Dutch Royals to come back to Lech this year

The Dutch Royal family have said they will continue to have their winter holiday in Lech in Austria despite the accident that left Prince Johan Friso in a coma.

The Prince was buried in an avalance while skiing off piste with a friend.

But the Royal family have said that they still plan to come to Austria as before according to Lech Bürgermeister Ludwig Muxel.

He said the family themselves had informed him of their decision and he said he was sure they would talk about what had happened when they arrived.

Prince Friso, who is being treated at a London hospital following the ski accident in Lech, in Austria, has recently shown a slight improvement.

However, in a statement, the Dutch Royal House said ‘it will take many months before there is more clarity’ about the prince’s chances of recovery.

It gave no further details, but urged the media ‘to continue to respect the privacy of the family.’

Queen Beatrix’s 44-year-old middle son, who gave up his right to the throne a decade ago, was skiing off-piste when he was caught in an avalanche.

The accident, in which the Prince was trapped under the snow for 25 minutes before he was pulled out unconscious, attracted considerable media attention at the time.

His doctors said his brain was starved of oxygen while he was buried which resulted in a cardiac arrest that lasted 50 minutes.

The accident occurred as Prince Friso was skiing with a childhood friend from the alpine village that the Dutch royal family had been visiting each winter for years.

The friend was carrying an avalanche ‘air bag’ and escaped without serious injury. Friso was found after 25 minutes with the help of a signaling device he was carrying and was flown by helicopter to an Innsbruck clinic.

Following the accident his condition was at first described as ‘stable but life-threatening’, and the queen and his wife came to be by his side.

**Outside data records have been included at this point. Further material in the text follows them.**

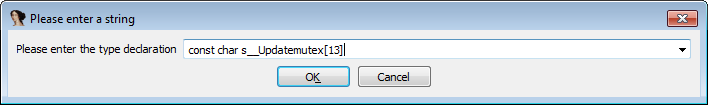 (the ‘s__’ prefix comes from the string prefix I typically use i.e. ‘s->’ which decompiler ‘flattens’ to ‘s__’). The s__Updatemutex refers to a string as shown below i.e. “UpdateMutex:” :
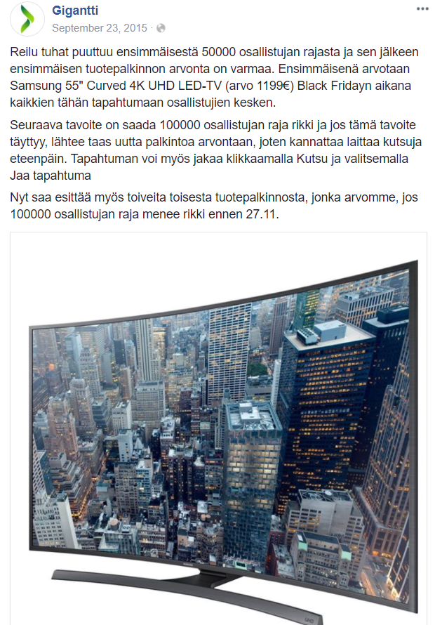 Gigantti aktivoi ihmisiä osallistumaan Black Friday -aiheiseen Facebook-tapahtumaansa kilpailujen avulla. - Tarjoa oheistuotteita. Black Friday -mainosten tarkoituksena on ohjata käyttäjä ostoksille ja lisätä ostokertojen määrää, oli kyse sitten verkkokaupasta tai kivijalkamyymälästä. Varmista lisämyynnillä, että saat ostoksista riittävästi katetta. Ehdota esimerkiksi maksutv-kortinlukijaa television ostajalle tai vastamelukuulokkeita puhelimen ostajalle.
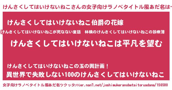 | 胡散臭い通販商品みたいなあだ名 | 『信頼と実績のネックレス…その名も「けんさくしてはいけないねこ」』 |
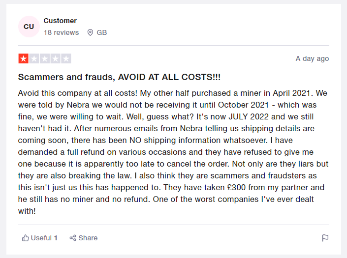 Nope, I’ve still not got mine 15 months later – and all my correspondence is word for word the same correspondence that you received. What is more – I moved home and they said that they couldn’t change the address. As a solution, they said I should purchase ANOTHER miner under the new address via DIRECT BANK TRANSFER, and they would refund me for the first one purchased. Considering I’d been waiting for over a year for the first miner – this was the most absurd solution I’ve ever come across. And they requested I do a direct bank transfer – it offered me no protection whatsoever. Of course, most people buying a HNT miner are (hopefully) too web savvy to fall victim to the bank transfer scam. However, if you weren’t alarmed by the company’s dealings before – certainly be alarmed now! After my experience, I see little difference between Nebra Ltd, and the Nigerian Prince.
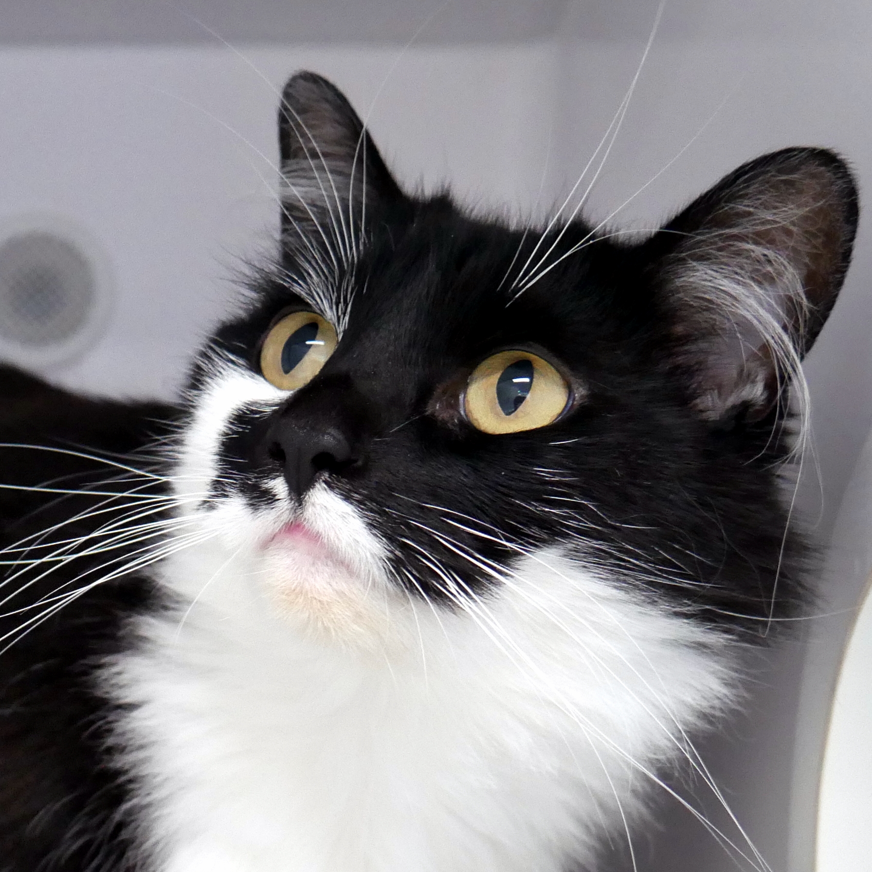 Missy is a beautiful lady who is affectionate and relaxed but also still quite playful. She likes to be around her humans and curl up on a lap or keep you company in bed.
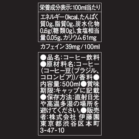 | 100mlあたり エネルギー:0kcal、たんぱく質:0g、脂質:0g、炭水化物:0.6g(糖類:0g)、食塩相当量:0.05g、カリウム:61mg、カフェイン:39mg |
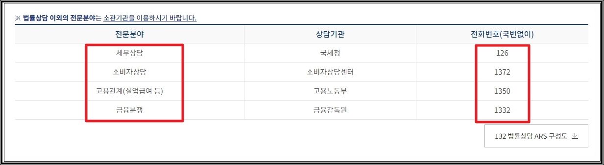 3. 법률상담 외에 다른 전문 분야는 그에 맞는 전화번호가 따로 마련되어 있습니다. 여기서 언급하는 전문 분야는 네 가지인데요. 세무, 소비자, 고용관계, 금융분쟁 이렇게 네 가지입니다. 이에 따른 전화번호도 위 표에 나와 있으니 참고하시길 바랍니다.
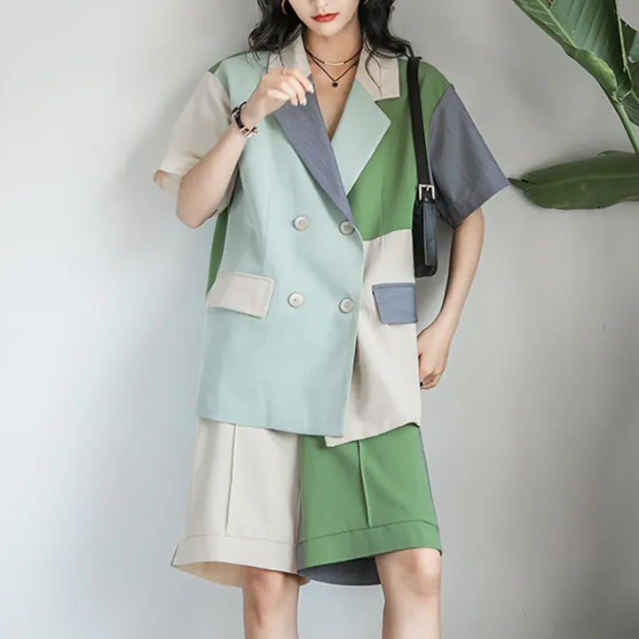 Mua He 2 Bộ Chi Tiết Nữ Lỏng Lẻo Ngắn Tay Han Quốc Ao Blazer Bộ
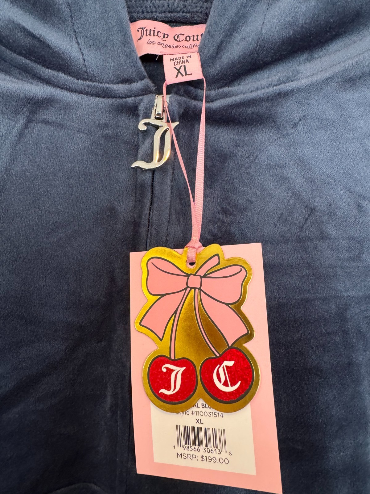 как выглядит JUICY COUTURE Velour OG Bling Tracksuit Hoodie Pant Set Regal Blue Medium M фото
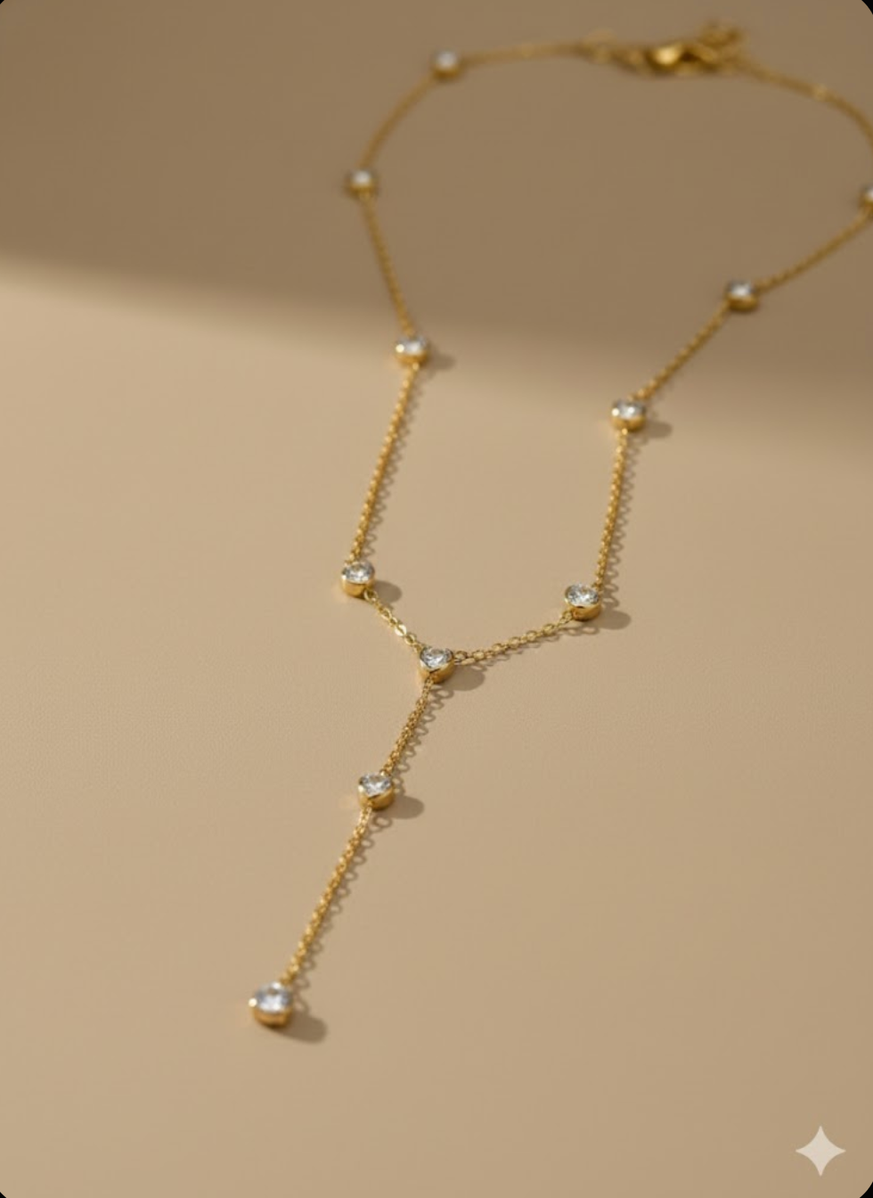 A delicate Y-shaped necklace designed with evenly spaced crystal accents on a fine gold-toned chain. Crafted in anti-tarnish imitation metal,...
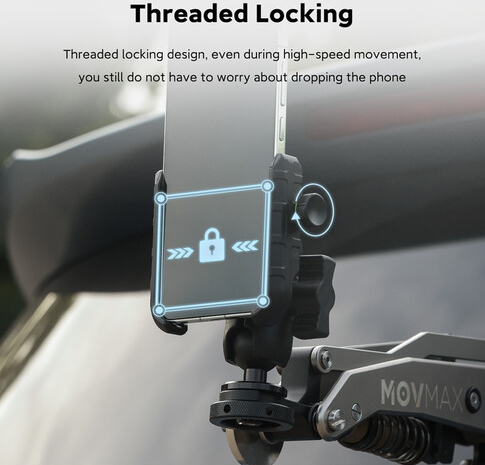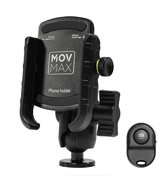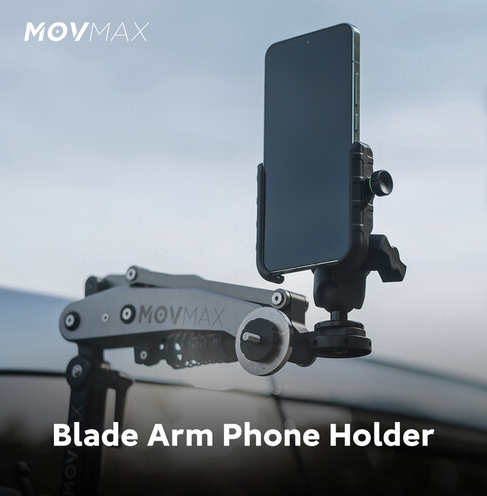 A MOVMAX okostelefon-rögzítő (86-0039) 2,4–3,5 hüvelykes telefonokat rögzít a Blade Arm karra egy 1/4"-20 gömbfejjel, amely teljes függőleges/vízszintes pozicionálást tesz lehetővé. Tartalmaz egy Bluetooth-távirányítót az autóban történő fényképezés/videofelvétel készítéséhez, és szilikon párnázással védi a készülékeket a karcolásoktól és biztosítja azok stabilitását a nagy mozgású járművlogok készítése során.
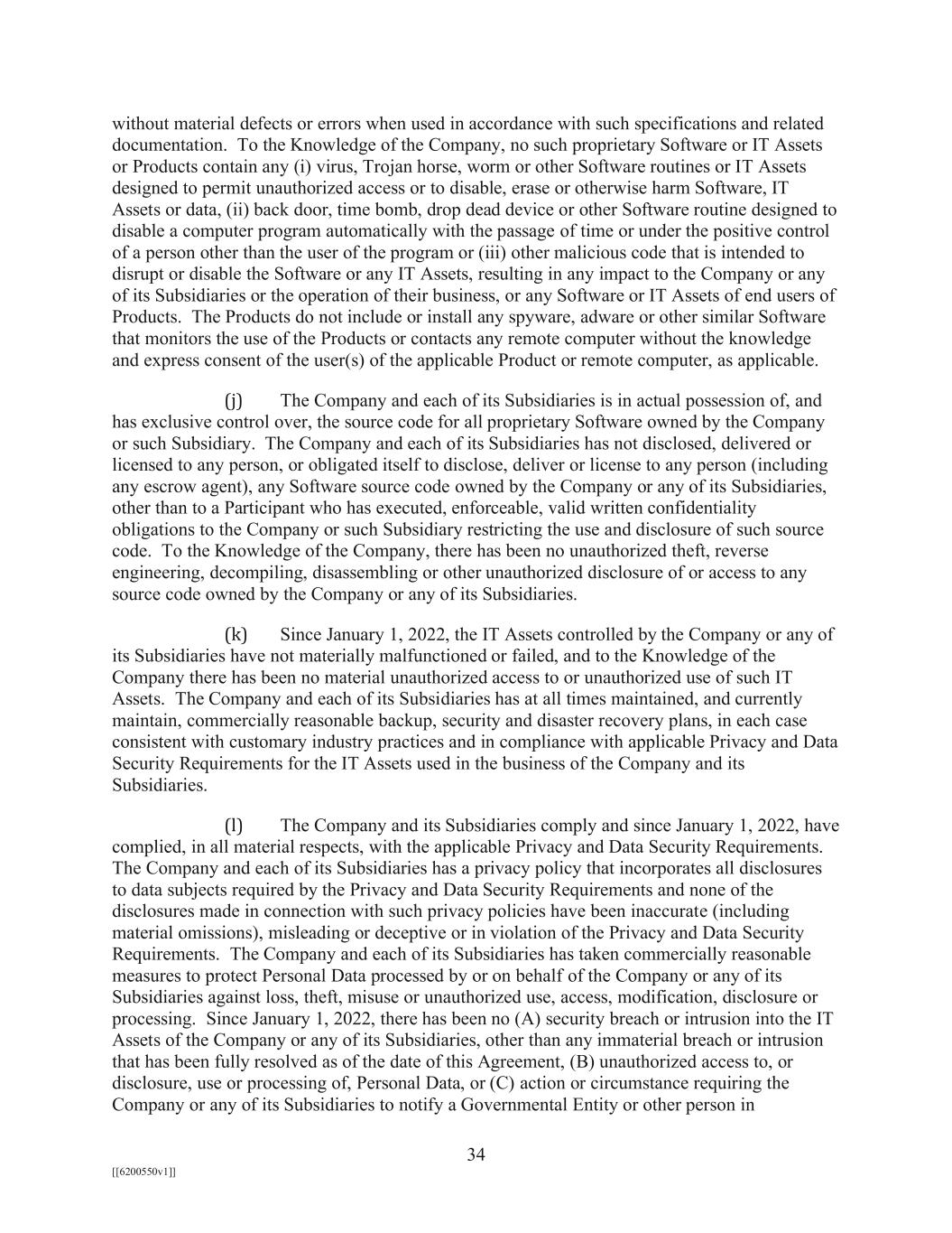 34 [[6200550v1]] without material defects or errors when used in accordance with such specifications and related documentation. To the Knowledge of the Company, no such proprietary Software or IT Assets or Products contain any (i) virus, Trojan horse, worm or other Software routines or IT Assets designed to permit unauthorized access or to disable, erase or otherwise harm Software, IT Assets or data, (ii) back door, time bomb, drop dead device or other Software routine designed to disable a computer program automatically with the passage of time or under the positive control of a person other than the user of the program or (iii) other malicious code that is intended to disrupt or disable the Software or any IT Assets, resulting in any impact to the Company or any of its Subsidiaries or the operation of their business, or any Software or IT Assets of end users of Products. The Products do not include or install any spyware, adware or other similar Software that monitors the use of the Products or contacts any remote computer without the knowledge and express consent of the user(s) of the applicable Product or remote computer, as applicable. The Company and each of its Subsidiaries is in actual possession of, and has exclusive control over, the source code for all proprietary Software owned by the Company or such Subsidiary. The Company and each of its Subsidiaries has not disclosed, delivered or licensed to any person, or obligated itself to disclose, deliver or license to any person (including any escrow agent), any Software source code owned by the Company or any of its Subsidiaries, other than to a Participant who has executed, enforceable, valid written confidentiality obligations to the Company or such Subsidiary restricting the use and disclosure of such source code. To the Knowledge of the Company, there has been no unauthorized theft, reverse engineering, decompiling, disassembling or other unauthorized disclosure of or access to any source code owned by the Company or any of its Subsidiaries. Since January 1, 2022, the IT Assets controlled by the Company or any of its Subsidiaries have not materially malfunctioned or failed, and to the Knowledge of the Company there has been no material unauthorized access to or unauthorized use of such IT Assets. The Company and each of its Subsidiaries has at all times maintained, and currently maintain, commercially reasonable backup, security and disaster recovery plans, in each case consistent with customary industry practices and in compliance with applicable Privacy and Data Security Requirements for the IT Assets used in the business of the Company and its Subsidiaries. The Company and its Subsidiaries comply and since January 1, 2022, have complied, in all material respects, with the applicable Privacy and Data Security Requirements. The Company and each of its Subsidiaries has a privacy policy that incorporates all disclosures to data subjects required by the Privacy and Data Security Requirements and none of the disclosures made in connection with such privacy policies have been inaccurate (including material omissions), misleading or deceptive or in violation of the Privacy and Data Security Requirements. The Company and each of its Subsidiaries has taken commercially reasonable measures to protect Personal Data processed by or on behalf of the Company or any of its Subsidiaries against loss, theft, misuse or unauthorized use, access, modification, disclosure or processing. Since January 1, 2022, there has been no (A) security breach or intrusion into the IT Assets of the Company or any of its Subsidiaries, other than any immaterial breach or intrusion that has been fully resolved as of the date of this Agreement, (B) unauthorized access to, or disclosure, use or processing of, Personal Data, or (C) action or circumstance requiring the Company or any of its Subsidiaries to notify a Governmental Entity or other person in

Prince Friso, whose older brother is Crown Prince Willem-Alexander, asked for permission in 2003 to marry Mabel Wisse Smit, Dutch media published details of her relationship with mobster Klaas Bruinsma, who was shot and killed in 1991 in front of the Amsterdam Hilton hotel.

Following the revelations, the couple decided not to get official permission for their marriage.

The couple publicly acknowledged having been ‘naive and incomplete’ during her vetting process before joining the royal family. Then-Prime Minister Jan Peter Balkenende signalled he could not recommend the marriage to parliament for approval.

They married anyway, a decision that meant Friso’s removal from the line of succession.

The couple are still part of Beatrix’s family and attend important royal functions.

Mabel has been granted the title ‘Princess Mabel’ and Friso has an array of noble titles, including ‘Prince of Oranje-Nassau’ – but not ‘Prince of the Netherlands’.

Prince Friso most recently worked as financial director at Urenco, the European uranium-enrichment consortium.